An example of proletarian revolutionary internationalism was seen in our statement issued last month when British soldiers and sailors were seized by Iranian forces in the Shatt al-Arab waterway. There was a huge chauvinist hue and cry in the British press against Iran. We said that US and British imperialism are the aggressors and they have targeted Iran, a semi-colonial country. The British forces claimed they were intercepted not in Iranian, but in Iraqi territorial waters, according to a line drawn by the British imperialists in the past, though it has never been agreed. We called for defence of Iran, and said that it needs nuclear weapons to defend itself, because having nuclear weapons today is about the only guarantee of sovereignty and we made the obvious point that British troops should get out of Iraq and Afghanistan now.
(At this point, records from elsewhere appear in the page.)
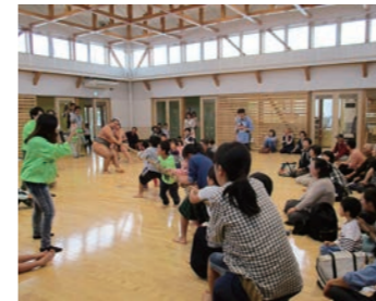
お相撲さんと綱引きでガチンコ対決

10月8日、二所ノ関部屋の力士によるふれあいイベントが開催されました。 このイベントは霊友会東北支局と共催により開催されたものです。
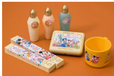
東京ディズニーランドホテル 35周年限定デザインの ルームアメニティー
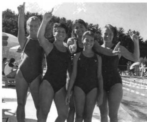
Частина дружини УСВТ "Ч. Січі", що здобула першенство в плавацьких змаганнях на Ігрищах молоді в 1985 році.
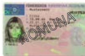
Oinno decór garí sólar haás kaádh
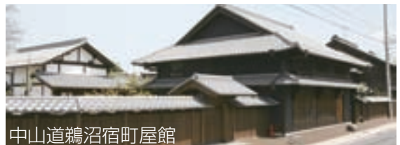
中山道鵜沼宿町屋館

日時 土、日、祝日の午前9時～午後4時（平日でもガイド在中時にはご利用いただけます） 申込と詳細 歴史民俗資料館（中山道鵜沼宿町屋館内） ☎ 058-379-5055
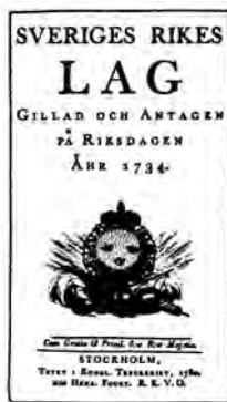
Domen år 1742 följde i allt väsentligt texten i 1734 års lag. Försättsblad från en år 1780 tryckt lagbok.

skäl kunde rätten inte undgå att till plikt fälla de flesta. Undantag gjordes för huskarlen Wulf som inte var tillstädes utan ”på landet” och ett antal personer som fick möjlighet att till nästa ting uppvisa ett påstått tillstånd.
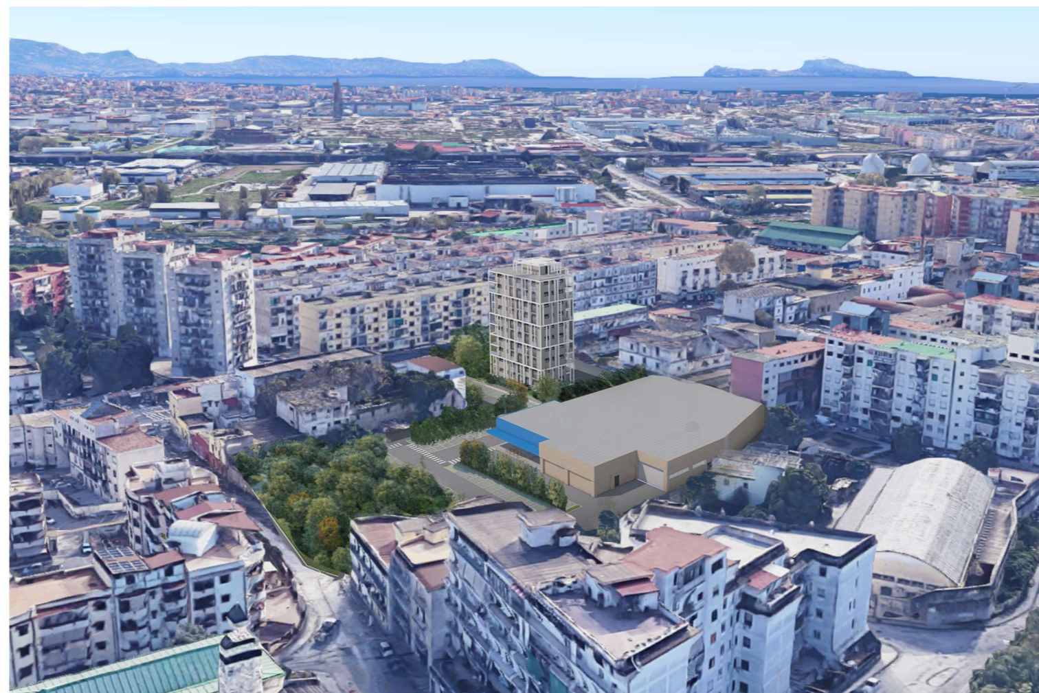
Vista a volo d'uccello da Via cupa del principe

What’s necessary is not a change of foreign policy, but the revolutionary overthrow of imperialism—the system that inevitably means wars and plunder. The history of British imperialism gives the lie to the notion that if only it stood more independently things would be better. Britain dominated the world for centuries, based on vast profits built up out of slavery. This year marks the two-hundredth anniversary of the legal abolition of the slave trade in the British empire. The commemorations focus heavily on parliamentary abolitionists such as William Wilberforce, in furtherance of the notion that, in the end, parliament ensures that justice is done. In fact British parliamentarians such as William Pitt began to agitate for an end to the slave trade—not slavery itself—because sugar production was declining in the British-dominated West Indies at the time, but French-controlled Saint-Domingue (in what is now Haiti) was booming, it was the richest colony in the world. Pitt’s agitation was primarily motivated by the need to cut off the labour supply to Britain’s French rival. Another factor in ending the transatlantic trade was that new generations of slaves were being born in the American South.
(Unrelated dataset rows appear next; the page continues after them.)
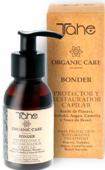
Organic Care Bonder 100 ml
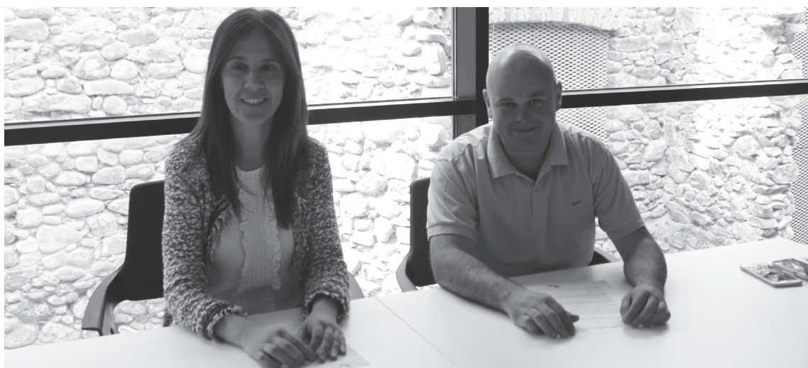
Udalari gimnasioekin eta hipikarekin akordio bat sinatzeko proposatuko dio EAJk bihar, "herriko kirol eskaintza areagotzeko".

Hitzarmena sinatzeaz gain beste eskaera batzuk egingo ditu alderdi jeltzaleak bihar: herriko kirol taldeek instalazio pribatu horiek erabili ahal izatea eta akordioa Buruntzaldea bailarara hedatu ahal izatea, besteak beste.
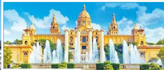
Nationalpalast in Barcelona
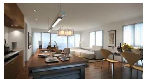
3. Dezember 2015 um 11:25:25
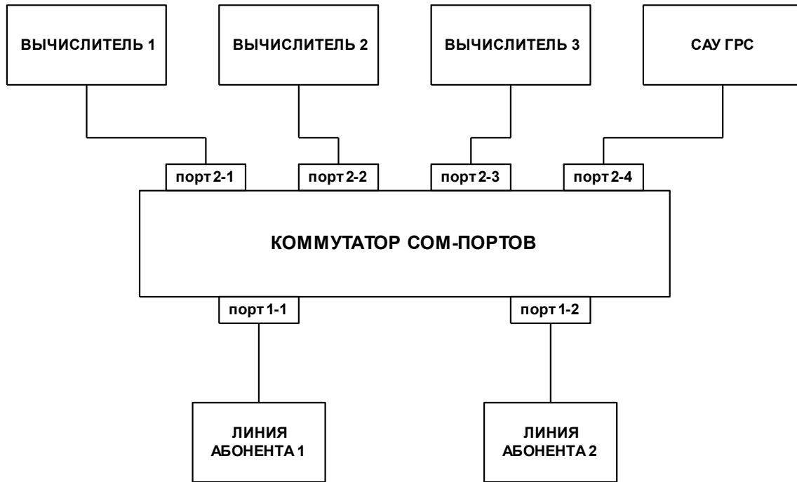
Рисунок 1 – Структурна схема комутатора СОМ-портів

Комутатор СОМ-портів призначено для підключення двох абонентів із різними пріоритетами до групи обчислювачів типу СУПЕРФЛОУ, ФЛОУТЕК, ФЛОІНЕК, ДАНИФЛОУ та інших комплексів газорозподільних станцій згідно з рисунком 1.

Slavery in Saint-Domingue was abolished through a social revolution led by Toussaint L’Ouverture. Beginning in 1791, he trained an army of former slaves, took on and defeated the very best armies that the French and British empires sent to defeat him. This was inspired by the first American Revolution—the War of Independence—and by the French Revolution. In the British West Indies, the 1831 rebellion in Jamaica was decisive in putting an end to slavery. These rebellions resulted in the legal abolition of slavery in parliament in 1834. The slave owners and the British ruling class were frightened to death by what they had seen: slaves rising up against their masters and taking over society.

For the bicentenary, many reformists are calling for some form of reparations for slavery, or at least for the imperialists (particularly the G8 powers) to end poverty in Africa. The only road to “reparations” for the huge injustices of slavery is by ending the capitalist system that maintains Africa in dire poverty today. It is obscene to appeal to the British ruling class, who ran Africa with untold brutality including long after the abolition of slavery. In the 1950s in Kenya, in response to an uprising of the Kikuyu people, they killed an estimated 100,000 people. Equally obscene are appeals for imperialist intervention in Sudan where in 1898 British General Kitchener massacred 10,000 Sudanese. His army later bemoaned the cost of the bullets used to shoot the wounded as they lay on the ground!
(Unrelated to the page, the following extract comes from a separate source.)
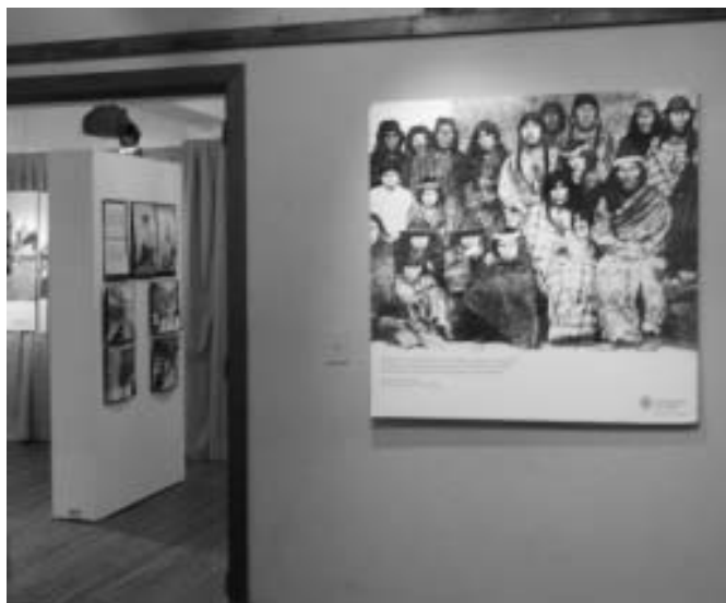
Figura 2: Aspecto general de la muestra en la Sala Chonek del Museo de la Patagonia «Francisco P. Moreno».

rra, la lucha por la recuperación de la identidad mapuche-tehuelche, y el contraste entre su cosmovisión y la cosmovisión occidental vinculada a la noción de territorio y a la armonía con la naturaleza.
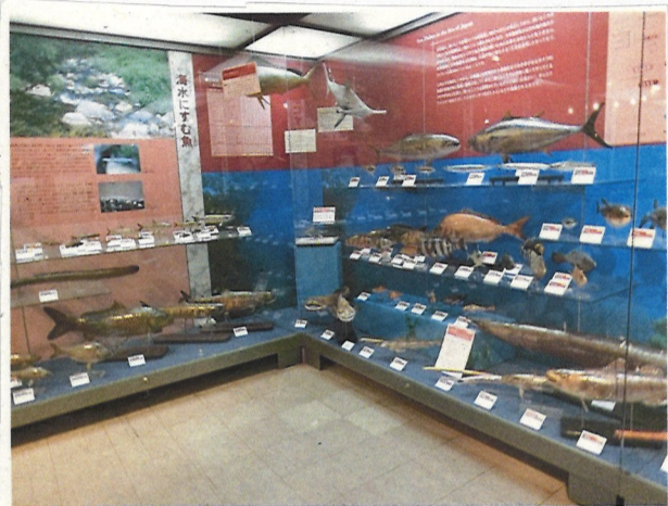
よく見る魚や珍しい魚がたくさん 展示されています。

When slavery was abolished it was replaced by the wage slavery of capitalism, to which racism was grafted on. It took a second American Revolution—the Civil War—to end chattel slavery in the US. The Spartacist League/US uses the slogan “Finish the Civil War!” to express our perspective of proletarian revolution and our understanding of the centrality of the black question. Our fight for black liberation through socialist revolution ensured that we took up Mumia’s case and made it known internationally. As sections of the International Communist League, our American section is dedicated to building a multiracial revolutionary workers party to lead the American workers revolution. The Spartacist League/Britain is dedicated to building such a party to lead the fight to overthrow British imperialism.